Three simulated datasets noisy.circles
, noisy.moons
, blobs
of 1500 observations x 2 features containing 2, 2, and 3 clusters respectively.
head(noisy.circles)
## x1 x2 y
## 1 -0.4412984 -0.26011650 1
## 2 0.6052318 -0.65733542 0
## 3 1.0344003 0.05708226 0
## 4 0.4442293 0.03467232 1
## 5 -0.2264144 0.46547732 1
## 6 0.5648620 -0.81670969 0
The k-means optimization problem is to find the set C of cluster centers \(\mathbf c \in \mathbb R^m\), with \(|C| = k\), to minimize over a set of examples \(\mathbf x \in \mathbb R^m\) the following objective function: \[ \min \sum_{\mathbf x \in X} ||f(C, \mathbf x) - \mathbf x||^2 \] Here, \(f(C, \mathbf x)\) returns the nearest cluster center \(\mathbf c \in C\) to \(\mathbf x\) using Euclidean distance.
noisy.circles.km <- kmeans(noisy.circles[,1:2], centers = 2, iter.max = 100,
nstart = 10)
noisy.moons.km <- kmeans(noisy.moons[,1:2], centers = 2, iter.max = 100,
nstart = 10)
blobs.km <- kmeans(blobs[,1:2], centers = 3, iter.max = 100,
nstart = 10)
head(noisy.circles.km$cluster, 10)
## [1] 1 2 2 2 1 2 2 1 2 2
noisy.circles.km$centers
## x1 x2
## 1 -0.4007305 0.2630556
## 2 0.4004353 -0.2627844
Similar to the k-means algorithm, but in the k-medoids algorithm, the center of the subset is a member of the subset, called a medoid (i.e., cluster centers \(\mathbf c \in X\)). In the k-means algorithm, the center of the subset is the centroid.
noisy.circles.pam <- pam(noisy.circles[,1:2], k = 2, cluster.only = T)
noisy.moons.pam <- pam(noisy.moons[,1:2], k = 2, cluster.only = T)
blobs.pam <- pam(blobs[,1:2], k = 3, cluster.only = T)
head(noisy.circles.pam, 10)
## [1] 1 1 2 2 2 1 1 2 1 2
Hierarchical clustering groups data into a multilevel cluster tree or dendrogram. hclust() constructs the agglomerative hierarchical cluster tree.
Model specifications:
Linkage criteria: Complete Linkage, \(\max\{\,d(x,y):x\in {\mathcal {A}},\,y\in {\mathcal {B}}\,\}\)
Similarity measure: Euclidean distance, \(d(x, y) = \|x - y\|_2\)

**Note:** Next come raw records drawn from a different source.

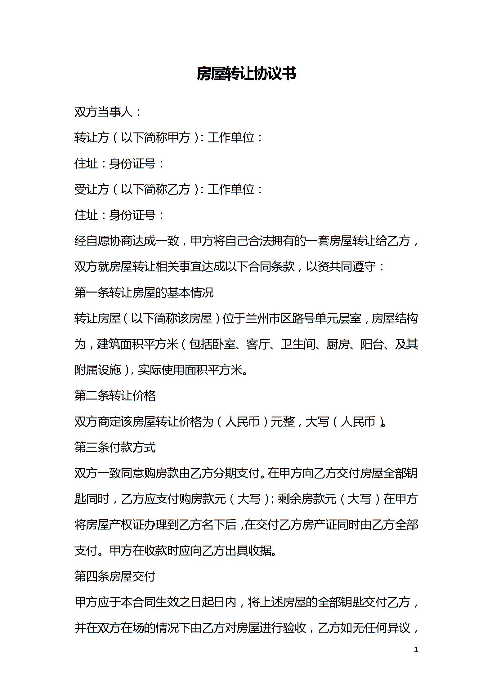 房屋转让协议书
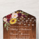 Boda rústico, acuarela borgoñona floral, maderas y cadenas Boda de encaje Todo en una sola invitación con tarjeta RSVP incluye rosas borgoñas, rosas rosadas, rosas rojas, girasoles y vegetación botánica.
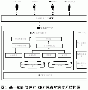目前,ERP項目的實施成功率主要取決于實施人員的經驗,同樣的ERP系統,不同的實施人員實施小過可能差別很大,如何建立一個輔助實施系統,提供給實施人員、開發人員和系統應用客戶一個實施工作平臺,將有經驗的實施專家的實施經驗轉化為集體的經驗,是ERP供應商和ERP咨詢公司都關心的一個問題。圖1中給出了一個基于知識管理的ERP輔助實施體系。
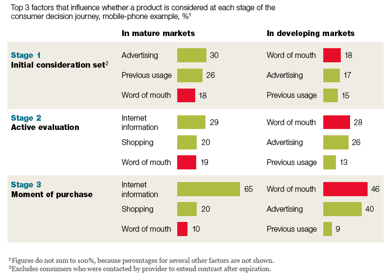 WOM of Friends and Family is far more powerful in China and other emerging markets, compared to developed markets. A McKinsey study on mobile phones purchase showed that WOM was the leading factor at all stages of the consumer decision journey in developing markets, while in mature markets it was no. 3 (refer figure below).
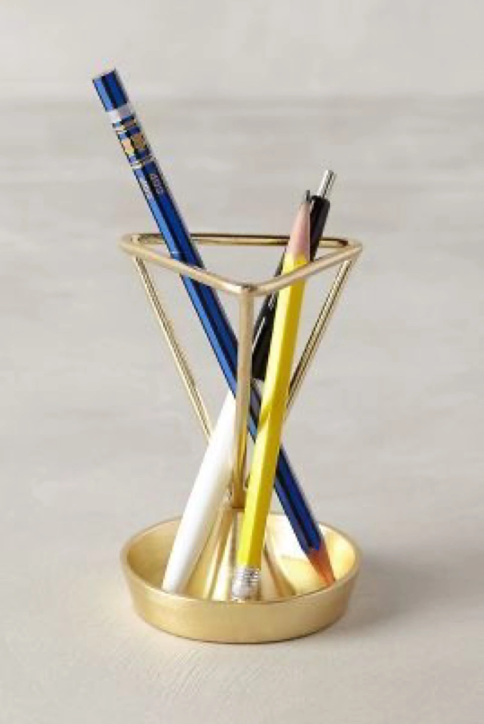 Anthropologie Gold Geometric Pen/Pencil Holder
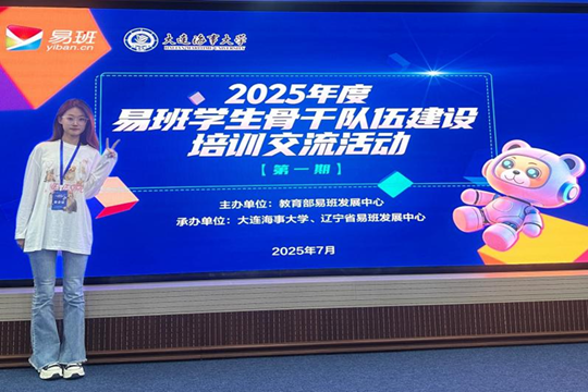 7月2日至5日,由教育部易班发展中心主办,大连海事大学和辽宁省易班发展中心承办的“2025年度易班学生骨干队伍建设培训交流活动(第一期)”在大连海事大学举行,来自全国各地的40余名易班学生骨干参训。米乐官网易班工作站学生骨干、新闻传媒学院冷虹颉同学参加了此次培训班。
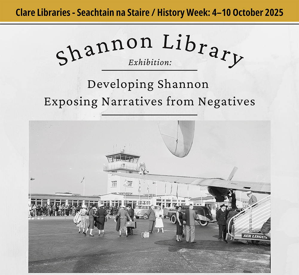The exhibition ‘Developing Shannon: Exposing Narratives from Negatives’ forms part of Clare Libraries History Week programme. On loan from the Glucksman Library, it showcases the Shannon Development Photographic Collection, donated by the Shannon Airport Group in 2014. Through striking images and informative panels, it captures the transformation of the Shannon region from its rural roots to a hub of industry and tourism and offers a vivid glimpse into Irish life and fashion in the latter half of the 20th century.
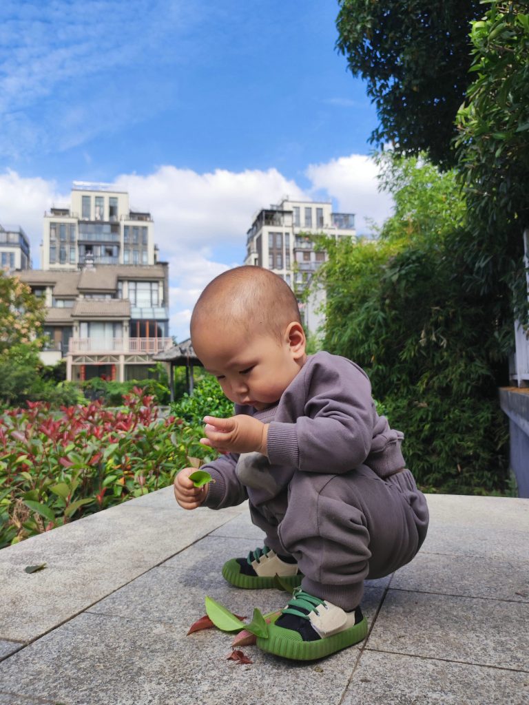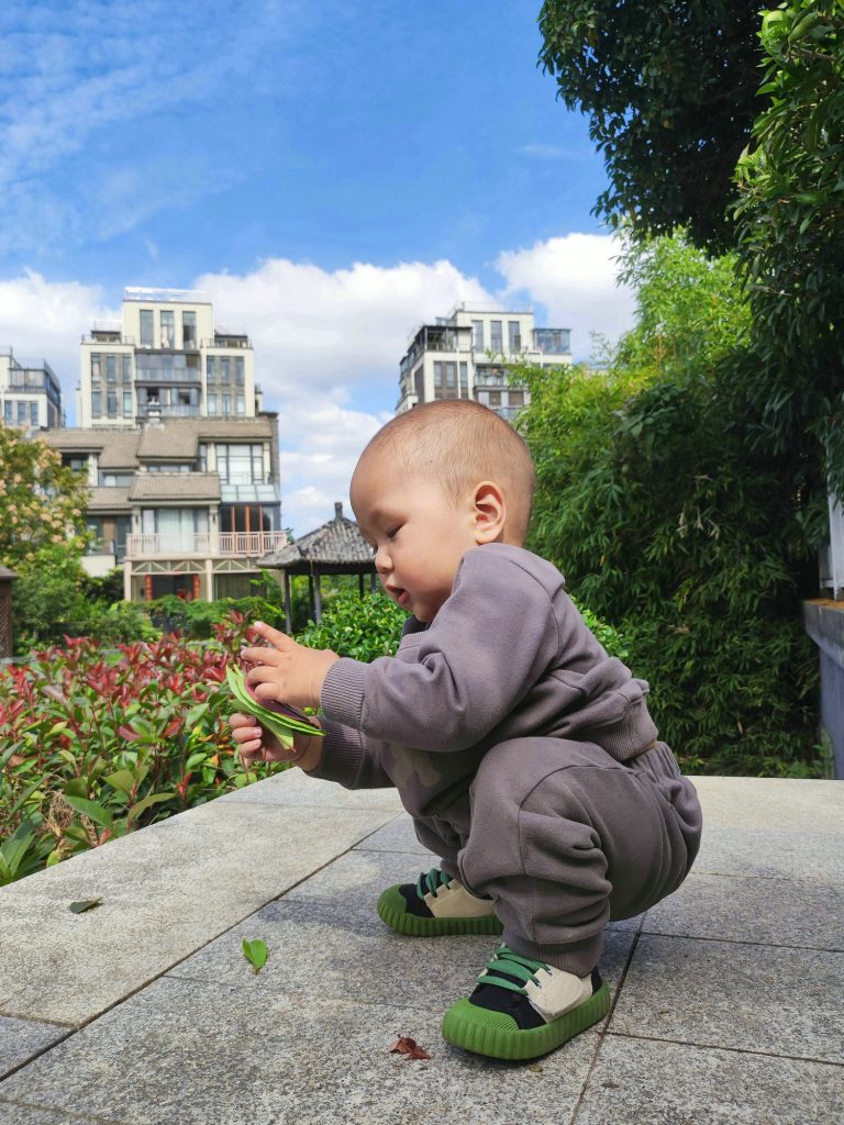 爸爸给我捡了一些树叶,我要把它们一片一片的叠起来。哎呀,怎么都散到地下了。我生气的时候可是会把你们都扔掉的噢。

Desired number of groups = 2, 2, 3 for circles, moons, blobs respectively. (This determines where to cut the tree).
# euclidean distance and complete-linkage
noisy.circles.hc <- hclust(dist(noisy.circles[,1:2]))
noisy.circles.hc.clus <- cutree(noisy.circles.hc, k = 2)
noisy.moons.hc <- hclust(dist(noisy.moons[,1:2]))
noisy.moons.hc.clus <- cutree(noisy.moons.hc, k = 2)
blobs.hc <- hclust(dist(blobs[,1:2]))
blobs.hc.clus <- cutree(blobs.hc, k = 3)
head(noisy.circles.hc.clus, 10)
## [1] 1 1 2 2 2 1 1 2 1 2
Each point within a cluster gets assigned to one and only one cluster. In k-means, cluster points assigned to the same centroid belong to the same cluster. The centroid can be considered as a prototypical point inside the cluster. Similarly, k-medoids chooses medoids as cluster centers instead of the centroid. Usually a dendrogram is used to visualize the grouping produced by a hierarchical clustering algorithm. In a dendrogram, the dissimilarity between two child nodes is proportional to the height of their least common ancestor.